In this experiment, you will implement a circuit design of a solution to a problem.
A toy car with remote control has an interesting warning light (y) on its remote. We know that the state of this light (1: on, 0: off) is controlled by three factors: x0: Battery-low signal of the toy car (1: Low, 0: High). x1: Distance of the car to the remote (1: Far, 0: Near). x2: Autopilot (1: Activated, 0: Deactivated).
You will create and implement the circuit design of the warning light y in terms of its inputs x0, x1, and x2. Following observations were recorded to guide you in this process:
- If the autopilot is deactivated, the toy car is far from the remote, and the battery is high, then the warning light is on.
- Else if the autopilot is activated and the battery is high, then the warning light is off.
- Else if the car is far from the remote, then the warning light is on.
- Else if the battery is low, then the warning light is on.
- Otherwise, the warning light is off.
You have only 2xAND, 2xOR, and 4xNOT gates at your disposal. The AND and OR gates are binary, i.e. they take exactly two inputs. You are expected to design the circuit which uses the fewest number of gates as possible. Designs with the fewest number of gates will get the highest grades.

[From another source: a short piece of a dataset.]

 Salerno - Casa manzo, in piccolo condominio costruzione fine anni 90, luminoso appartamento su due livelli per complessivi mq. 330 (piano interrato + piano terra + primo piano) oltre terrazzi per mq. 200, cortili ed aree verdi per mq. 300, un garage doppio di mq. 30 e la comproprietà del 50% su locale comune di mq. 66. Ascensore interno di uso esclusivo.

During Verilog implementation, you have to use the template source codes we provide.
0.1.3 Preliminary Work
Before the experiment, you should prepare the following materials:
- Fill the truth table given in the template according to the design requirements.
- Write the sum of products (SOP) expression for the truth table.

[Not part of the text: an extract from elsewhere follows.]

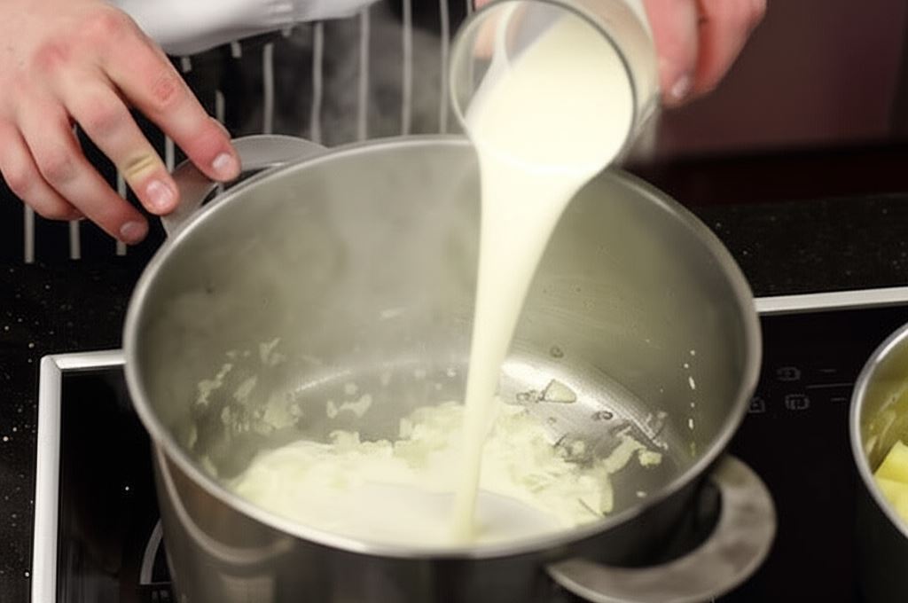 Ziemniaki obierz, pokrój w kostkę 1x1 cm i ugotuj aż będą miękkie. W rondelku zesmaż posiekaną cebulę, dodaj śmietanę. Sos gotuj przez 3 minuty i dopraw według smaku.

- Find the minimized SOP expression by using Boolean theorems and axioms(show your work clearly, minimize the equation you previously found in step 2 using the laws used in class, using exactly one law per line). The minimized expression must also be in SOP form.
- Write the product of sums (POS) expression for the truth table.
- Find the minimized POS expression by using Boolean theorems and axioms(show your work clearly, minimize the equation you previously found in step 4 using the laws used in class, using exactly one law per line). The minimized expression must also be in POS form.
- Draw the circuit for the minimized expression using only binary (which meansit has two inputs) AND, OR, and NOT gates.
- Fill the gate level verilog code for the circuit chosen at the previous step. You can use the built-in AND, OR, and NOT gates.
- Write the code for the testbench in order to test all possible input combinations.
- Verify that the outputs of your implementation is the same as the truth table.